淘汰
私はアンドロイドなのに。
化粧をしている。
アンドロイドの世界に化粧品があるのはかなり
意味がわからないけれど、とにかくデートという概念を天野に教えてもらった。
女の子はおめかしして、着飾って出かける。
そんなことを推奨された。
オリジナルがいるというのはその辺の知識もオリジナルから引き継いでいるのだろうか。
眼帯に手をかける。
この眼帯が外せないのは残念だ。
眼帯はアンドロイドの機体からデータを引き抜く為のもの。
サルベージが必要とされる際に使うものだ。
眼帯をしている隻眼の女の子なんて、タケルは好いてくれるのだろうか。
ファンデーションを丹念に塗り込みながらそんな不安を覚える。
『いや、、出来ることをやらないと。』
リップは赤くなりすぎないように。
『よし!これでいこうかしら。
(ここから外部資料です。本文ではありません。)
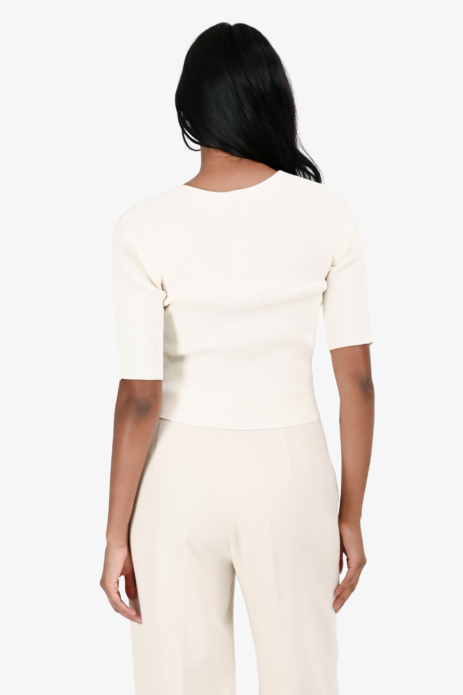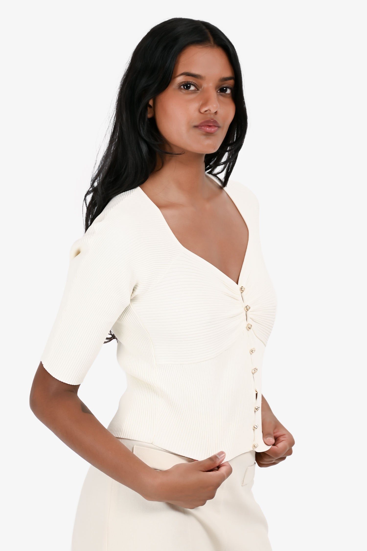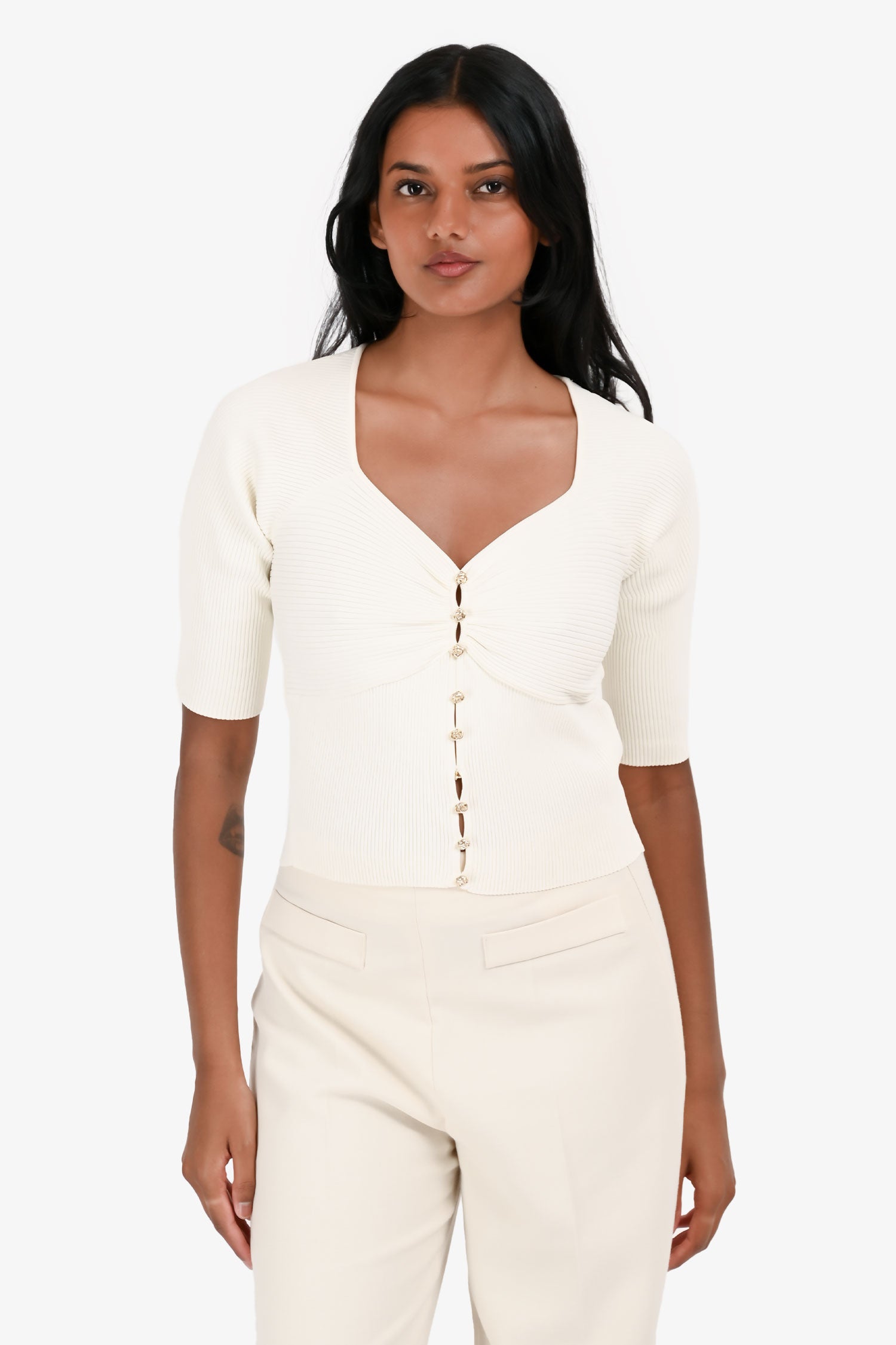 Refresh availabilitySandro Cream Ribbed Knit Bustier Top. Pull-on. Button detailing at the front. V-neck.

』
服は青のワンピースを着た。
黒タイツに青のワンピース。
私の好きな色。
好きな色があるなんて。
いや、これは多分学習した結果、接触回数が多いから私のデータ上に優位にある色に違いない。
部屋を出て、学校前の桜並木通りに向かう。
少し人通りが少ない。
休みの日は、アンドロイド達も好きに過ごしていいようプログラムされている。
だから、もっと人は多いはずだが。
マーケットも空いているのだから出かけ先はあるのに。
桜並木通りに着く。
待ち合わせには少し早いけど、こういう待ち時間すら楽しい。
風が吹く。
桜が舞い散る。
私の青いワンピースを取り囲むように桜の花びらがまとわりつく。
なんだか、儚くこうやって桜は散っていくのだろう。
私たちアンドロイドも、この世界の時間軸においては桜が咲いて散るくらいの儚い時間で命を散らしていくのだろうか。
そんな儚い思い出すら許してくれないのだろう。
銃声が鳴り響く。
私は間違えたのか。
ちゃんと監視対象を監視していなかったからか。
『淘汰の日』
裏切り者、いわゆる行動でエラーを起こしたアンドロイドがいたら、機体を全て破壊し、世界をやり直す。
アンドロイド達は逃げ惑う。
彼らは自分らをアンドロイドであり、コピー機体が何体もあるのは知らない。
たった一度の命を惜しむように銃声から逃げ惑う。
断末魔の叫びが聞こえてくる。
いったい誰が。
エラーを起こした?
青いワンピースの布地が目に入る。
『タケルが!タケルの記憶が消えてしまう!!』
銃声が鳴り響く中、私はタケルを探す為にかけ出した。